Jeff: The first real big gig I landed when they flip flopped the schedule of the the U.S. Am and the U.S. Open. The USGA didn't want to send their whole staff across the country two weeks prior to risk people getting sick so they asked Bandon if they knew anyone and I had been there twice that year with TRUE.
So the USGA hired me, and I was the only video guy on property to cover the U.S. Am. and that ended up leading to them having me come out to Winged Foot for the Open, which was pretty wild.
I did a good job for them, and now they've consistently been my biggest golf client since then. LPGA was my top client last year because I'm doing a lot with them now. But yeah, that connection between Bandon and the USGA was really what catapulted me being able to survive as a full-time golf only freelance, a photo and video.
Jeff: It's definitely tough, but it's obviously been worth it. When I was 14, definitely didn't think I would be doing the stuff that I am doing.
I just turned 42, and I would say when I was 35, I didn't think I would ever be doing anything remotely close to what I'm doing.
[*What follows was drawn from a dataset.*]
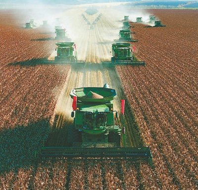 大型農機在黑龍江省北大荒集團九三分公司鶴山農場高粱基地作業(yè)。 任寶吉攝
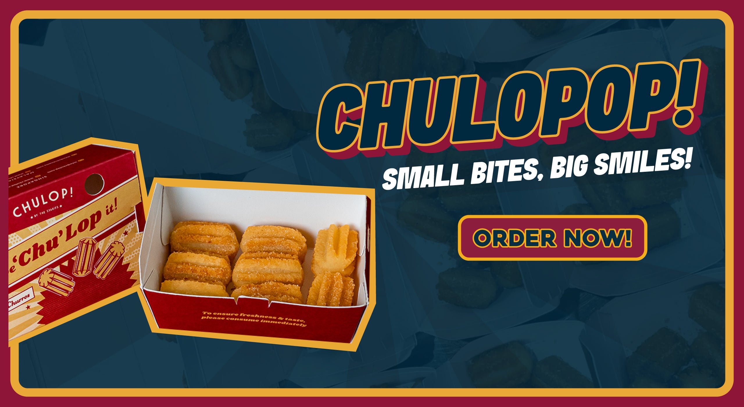 Chulop! is Singapore's very own snack bar which specialises in the sale of churros, perfectly complemented with artisanal premium dips.

The story is so complex and the amount of connection points that just wasn't like an A to B I mean, I guess most people's stories are not like that, but it was like the connect the dots looks like a starry night. For sure. So many different things it took to get to where I'm at, which is just every time I look back, I'm like, “Man, it's pretty cool to see the journey that God's brought me on.”
KP: Why do you find golf to be beautiful?
Jeff: I think there's so many different aspects in the game of golf between... I'm not a huge architecture nerd. That wasn't really part of my entry into the game. But I've learned to appreciate it, especially as a history major. It just boggles my mind that anybody can go out to a fully wooded site or the Bandon coast where it's all just gorse and come up with world-class golf.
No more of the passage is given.